In the epilogue summing up Ne Win’s career, Taylor notes that the Ne Win revolution was not bloody but it was admittedly not cost-free. On the credit side he suggests that Ne Win did create a nation with the resilience from its own resources to withstand over 20 years of economic sanctions. He succeeded in his principal foreign policy aim of keeping Burma out of external entanglements and free of foreign political and economic influences, although at the expense of opportunities foregone.
He was prepared to accept the cost of rejecting foreign loans or assistance that came with strings. He did not want Burma to be enrolled in either side in the cold war, with the risk of exposing the country to the sort of great power conflict which ravaged the countries of Indochina. He was equally suspicious of Chinese intentions and the potential for United States interference. He carried his policy of neutralism to the extent of abandoning the non-aligned movement when he considered it had abandoned its founding principles.
His economic policies were not successful. Taylor points out that many social indicators such as literacy, infant mortality and basic health care improved under Ne Win. However such improvement might well have been greater under a more pragmatic economic regime. Partly because of the insurgency, expenditure on the Armed Forces greatly exceeded the funds devoted to health and education. Whether a more flexible government might have been able to negotiate a better and less expensive settlement with the ethnic minorities without breaking up the Union is another question. But Ne Win normally preferred the stick to the carrot.
Taylor notes that by persisting in failed policies long after it became clear that they had failed, the government did less than it could have done to reverse Burma’s economic decline.
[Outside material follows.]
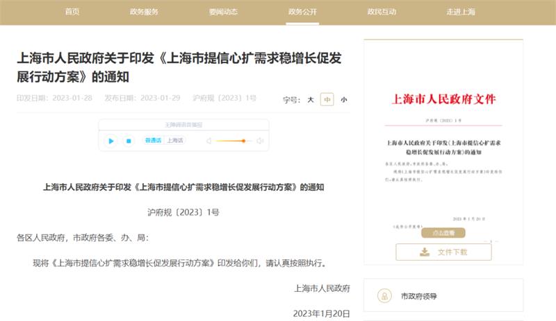 近日,上海市人民政府印發(fā)《上海市提信心擴(kuò)需求穩(wěn)增長促發(fā)展行動方案》,提出要抓牢高質(zhì)量發(fā)展的首要任務(wù),大力提振市場預(yù)期和信心,以新氣象新作為推動高質(zhì)量發(fā)展取得新成效。
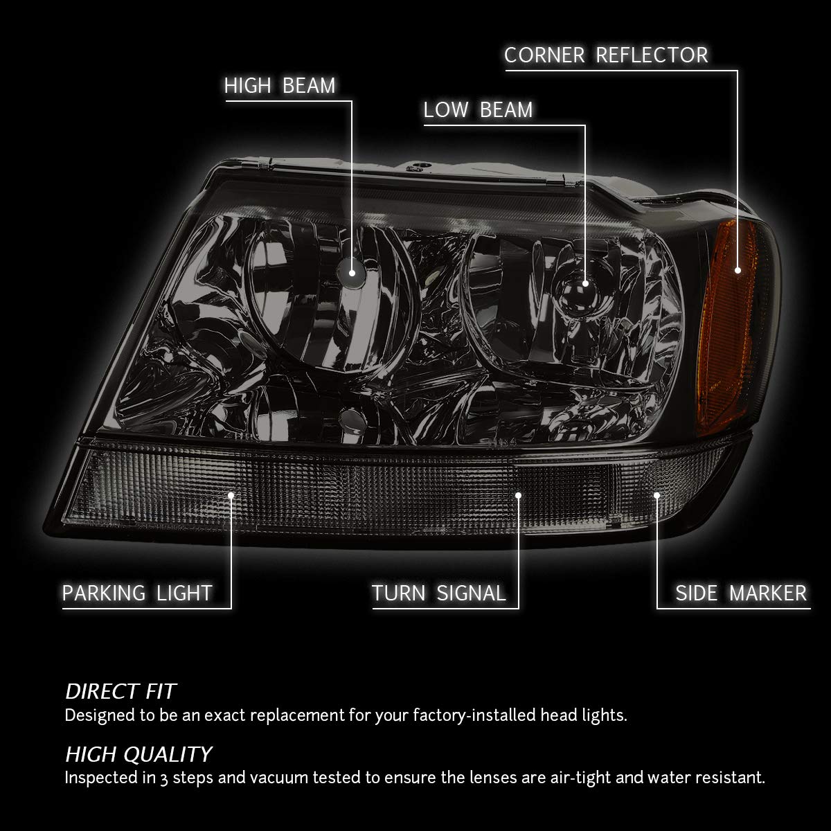 Dna Motoring Hl-Oh-Jgc99-Sm-Am Smoked Amber Headlights Assembly Replacement Compatible With 99-04 Jeep Grand Cherokee

He suggests that Ne Win knew the policy of Socialist autarchy had failed, but feared the alternative of re-engaging with the world economy, partly because those around him were averse to change and those he had to work with had been cut off from knowledge of the new ideas and new developments in economic theory and the sciences by the country’ self-imposed isolation.
He also feared that the Burmese people, despite cajoling and coercion, might not resist the temptations of a new foreign economic invasion. But a more productive economic policy would surely have been possible without harmful foreign entanglements, if the government had been prepared to listen to better advice.
Despite Ne Win’s genuinely patriotic intentions, the end result of his regime was to keep Burma in a time warp for over 40 years, from which it is only now starting to emerge. The consequences of his political career, make Taylor’s book a must read.
Frank Milne was Australian Ambassador to Burma from 1982-86.